Mandl suspects that the response to the treatment was low because the patients’ cancer was so advanced by the time they enrolled in the trial. Also, later experiments showed that the receptors the group chose could find the tumor, but they had no anti-cancer properties.
Bruce Levine, a professor of cancer gene therapy at the University of Pennsylvania, says the ability to rapidly identify specific receptors in patients and develop therapeutic interventions using them is exciting. But the problem will be in choosing the right ones that kill cancer cells. “The fact that you can take T cells into a tumor is one thing. But when they get there and do nothing, it’s disappointing,” he says.
Solid tumors have also proven more difficult to treat with T cells than solid tumors, or blood cancers, which include leukemia, lymphoma, and myeloma. Medicines that use a natural gene (instead of Crispr) to modify patients’ T cells have been approved for leukemia, but do not work well for solid tumors.
“Once cancer becomes more complex and develops its structure and environment and various defense mechanisms, it becomes more difficult for the immune system to handle it,” says Waseem Qasim, professor of cell and gene therapy at Great Ormond. Street Institute of Child Health at University College London.
Although the results of this study were limited, researchers hope to find a way to use Crispr against cancer, because this disease requires new treatment. Chemotherapy and radiation help many patients, but they kill healthy and cancerous cells. Complementary therapies may offer a way to target specific changes in a patient and kill only those cells. Also, some patients do not respond to treatment, or their cancer returns later.

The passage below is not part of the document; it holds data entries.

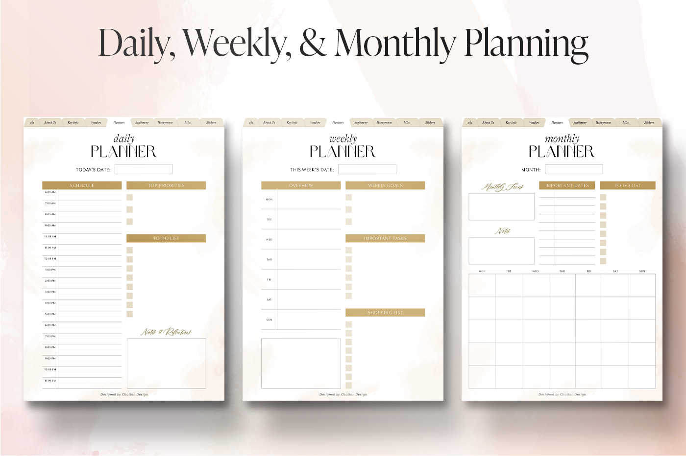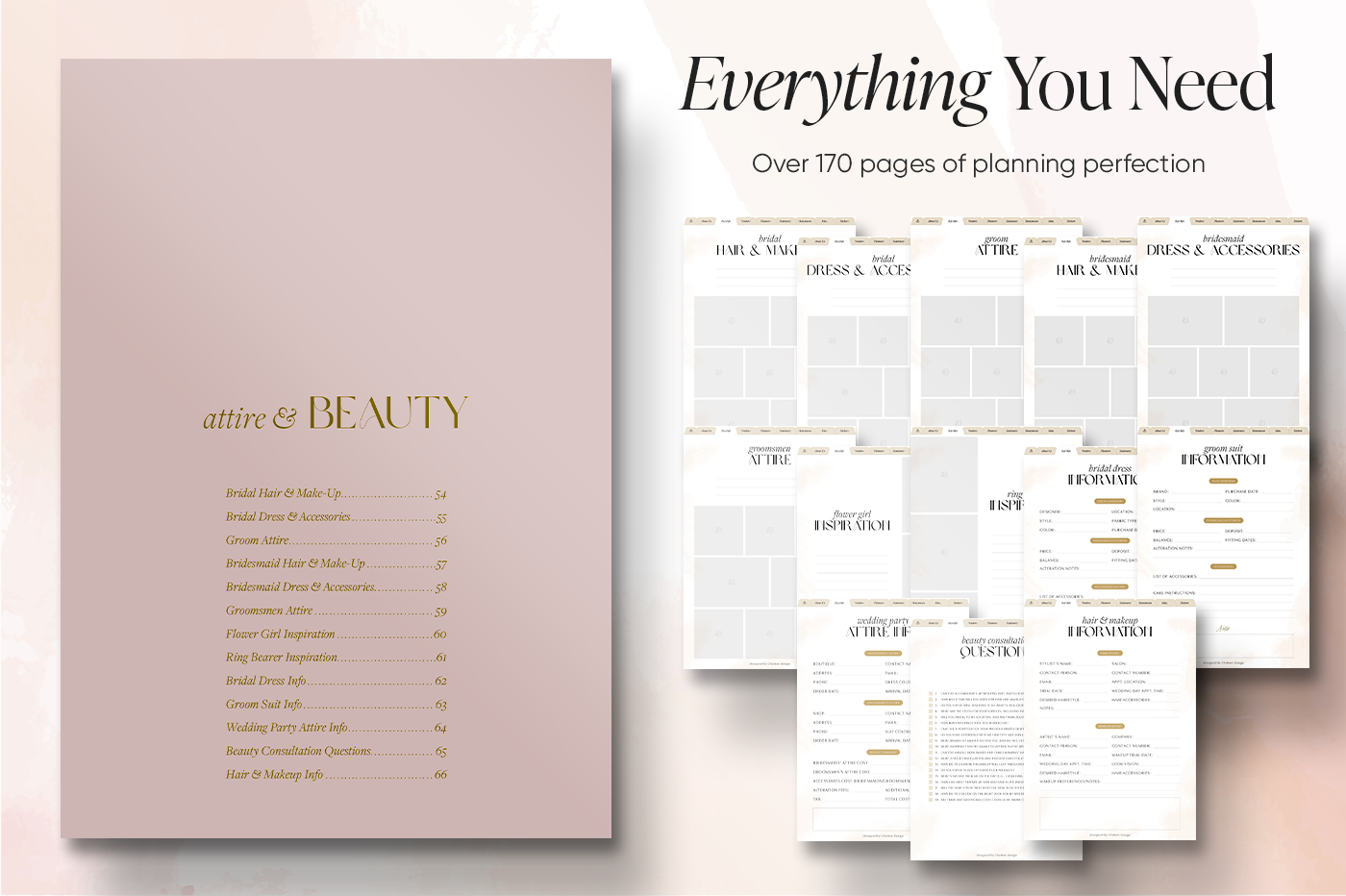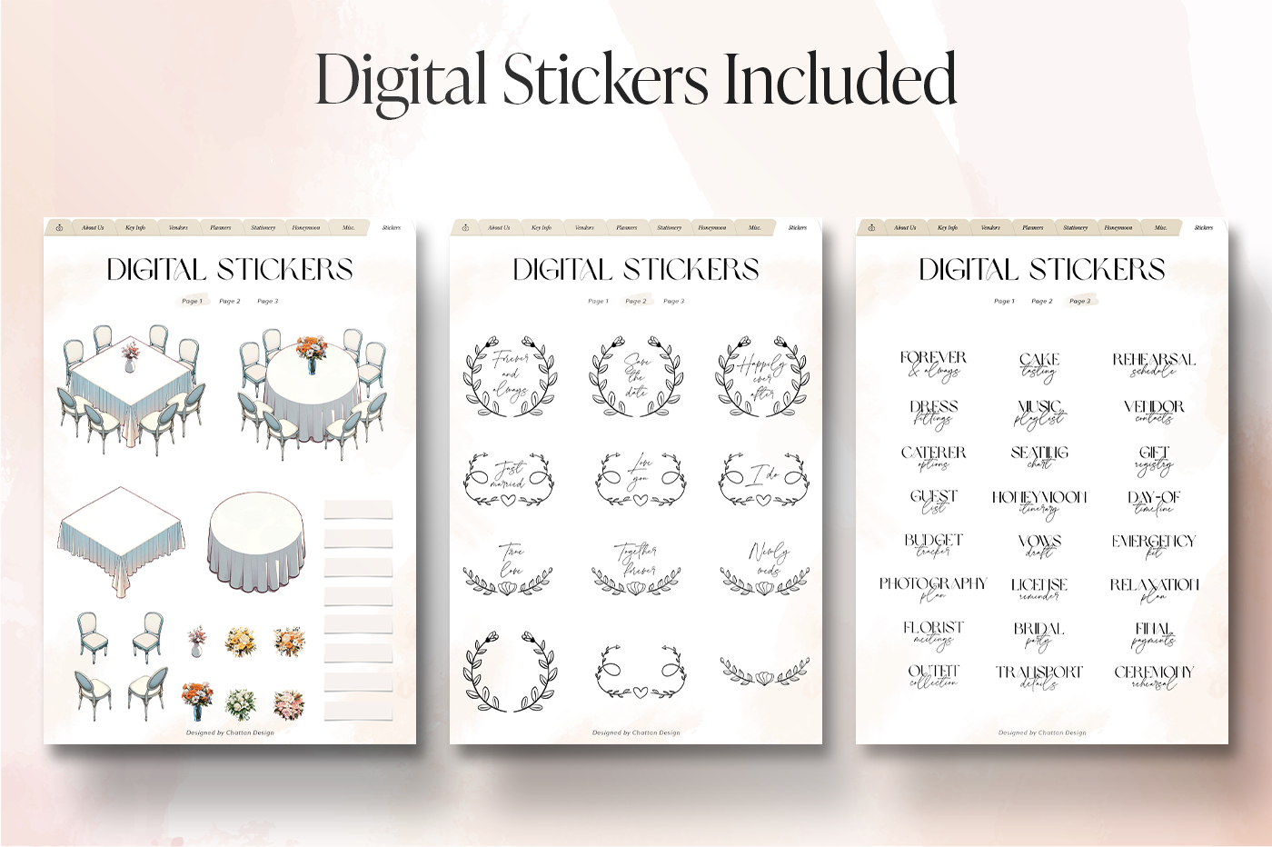 Discover the ultimate wedding planner: 179 pages of meticulously designed templates, over 170 to craft your perfect day, complemented by 49 original digital stickers. This fully hyperlinked planner ensures seamless navigation through daily, weekly, and monthly templates, plus 5 unique notepaper designs. It’s your all-in-one solution to plan, organize, and celebrate the wedding of your dreams with unparalleled ease and elegance.
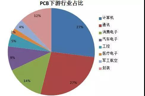 PCB行業的發展,同樣離不開下游行業的穩步提升。目前,PCB下游需求結構中,計算機、通訊合計占比超過50%,消費電子則占比14%。展望未來,5G、汽車電子、人工智能等行業快速發展均有望給PCB產業帶來需求提振。
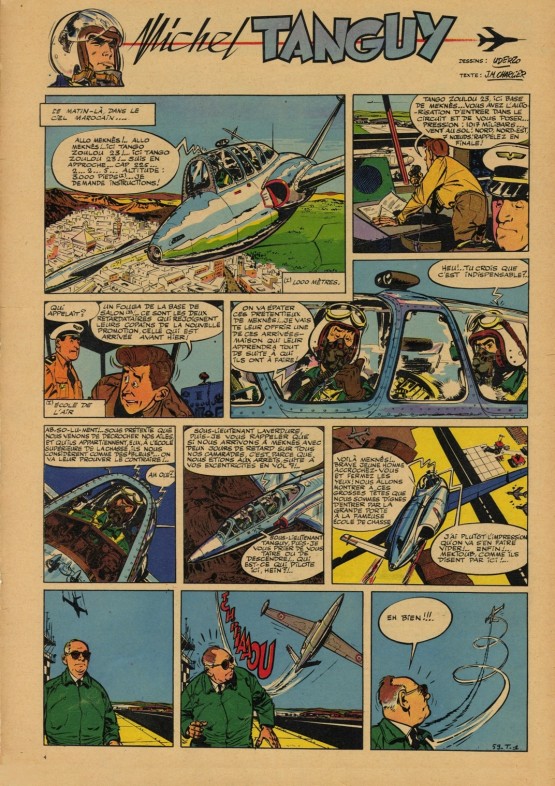 A la création du journal Pilote, lui, faisait Tanguy et Laverdure. Il réalisait deux pages réalistes par semaine qui concernaient l’aviation dans ce qu’elle a, à cette époque, de plus moderne. Il faisait en plus une troisième page humoristique qu’il devait dessiner à toute vitesse en deux ou trois heures sans doute, car je sais que en faisant Tanguy et Laverdure il ne pouvait pas faire autrement que de se déplacer en allant sur place pour prendre des photos. Les avions à réaction ne se dessinaient pas comme ça. C’était un travail énorme de faire deux pages hebdomadaire plus Astérix. Et moi j’en étais encore à me poser la question : “Comment vais-je m’y prendre pour apprendre ce métier ?”.
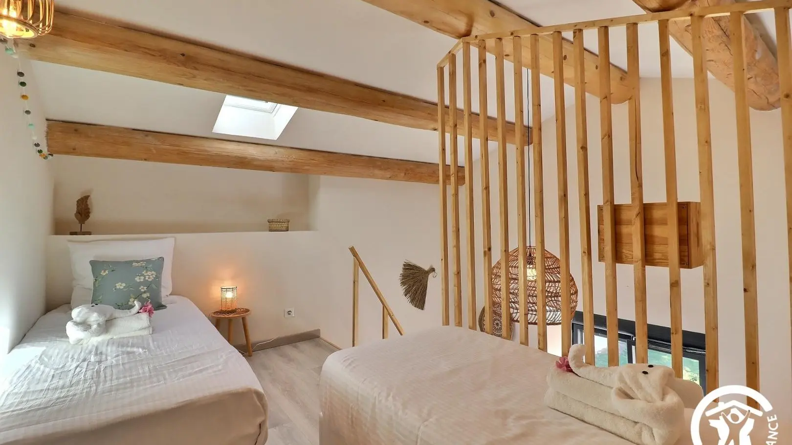 - un primer dormitorio para 4 personas con techos altos: 2 camas individuales de 80x200 cm, armario, altillo con 2 camas individuales de 80x200 cm. Baño privado con WC.
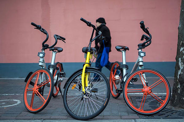 Bicicletas Mobike y Ofo parqueadas en Shanghai, 1 de febrero del 2017. [Foto: VCG]
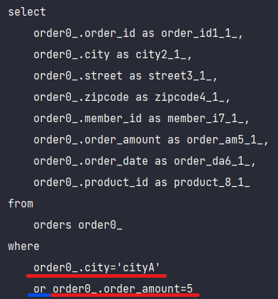 List<Order> or = orderRepository.findByAddressCityOrOrderAmount("cityA", 5);
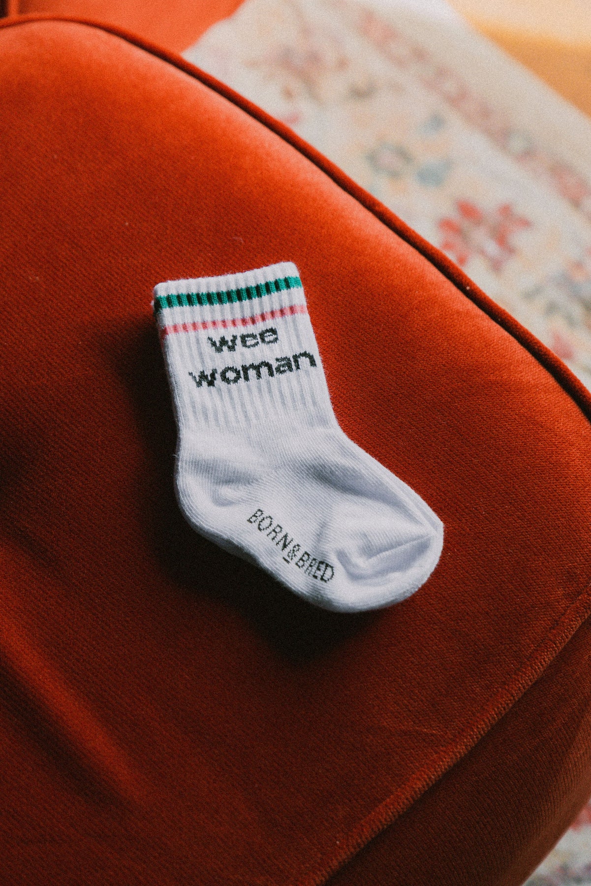 These adorable wee woman baby socks are bound to be a favourite for your little one! Featuring a white base with green and pink stripes at the top, they have a fun message on each side to make slipping them onto tiny feet quick and easy.
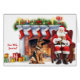 A frente deste cartão de saudação de Natal tem uma imagem de um lindo Cachorro German shepherd que encontrou Papai Noel descansando ao lado da lareira bizarra depois de entregar os presentes da família. Os papais noeis têm um último pacote, e o cão olha com expectativa para ele. O texto ao lado diz "Para mim, Papais noeis?" Todo o texto, dentro e saída é personalizável, então você pode alterá-lo ou adicioná-lo, se quiser. Veja mais imagens de Cachorro German shepherd, junto com dezenas de outros produtos da raça canina, na Vila dos Cachorros.
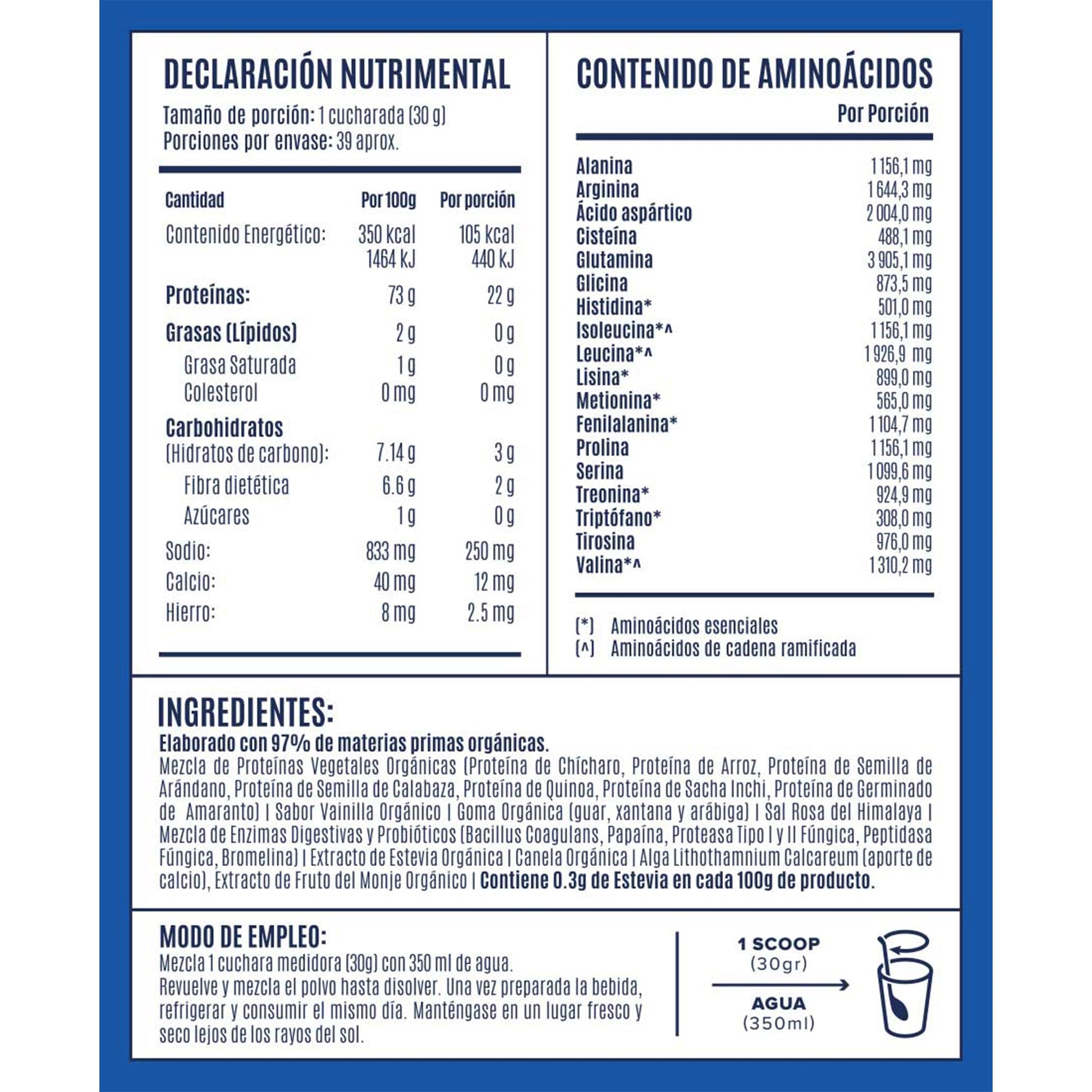 : :Proteína de arroz orgánica, proteína de chícharo, proteína de quínoa, proteína de semilla de calabaza orgánica, proteína de semilla de lupino, proteína de sacha inchi, proteína de semilla de girasol, amaranto orgánico, creatina
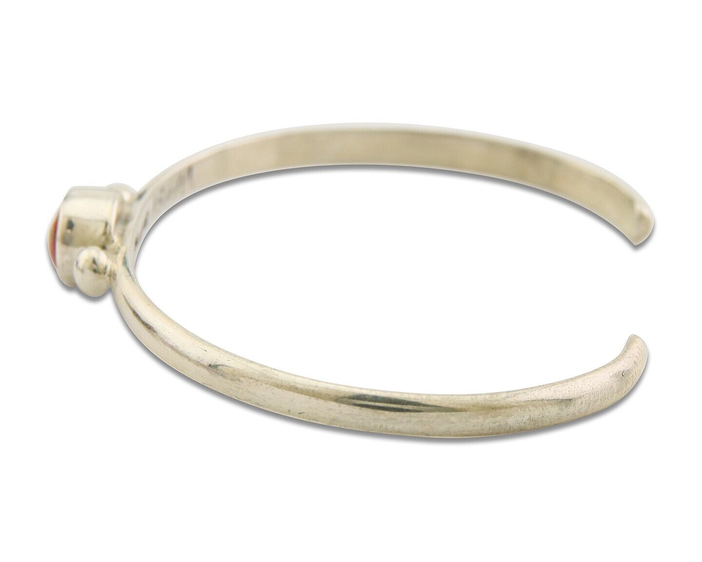 Navajo Bracelet .925 Silver Mediterranean Red Coral Cuff Native Artist C.80's

But it’s still early days for Crispr’s cancer research. In a study at the University of Pennsylvania that Levine collaborated on, three patients – two with leukemia and the third with bone cancer – were treated with their own T cells that had been modified with Crispr. Researchers removed three genes from those cells to make them better at fighting cancer. Early research showed that the transplanted cells migrated to the tumor and survived after transplantation, but Penn’s team did not publish what the patients found after treatment.
So far, Qasim’s team in London has treated six children with advanced leukemia, using Crispr-edited T cells from donors. Four of the six were in remission after a month, allowing them to receive stem cells, according to a study recently published in the journal. Science. Of the four, two remained in remission nine and 18 months after treatment, respectively, while two relapsed after stem cell transplantation.
While there is still much to learn about how to improve the treatment, researchers like Qasim hope that new technologies like Crispr will provide a better connection between treatment and patient. “There is no cure for cancer,” says Qasim. “What these kinds of studies hope to show is that every tumor is different. It’s a controlled treatment, rather than a big blast.”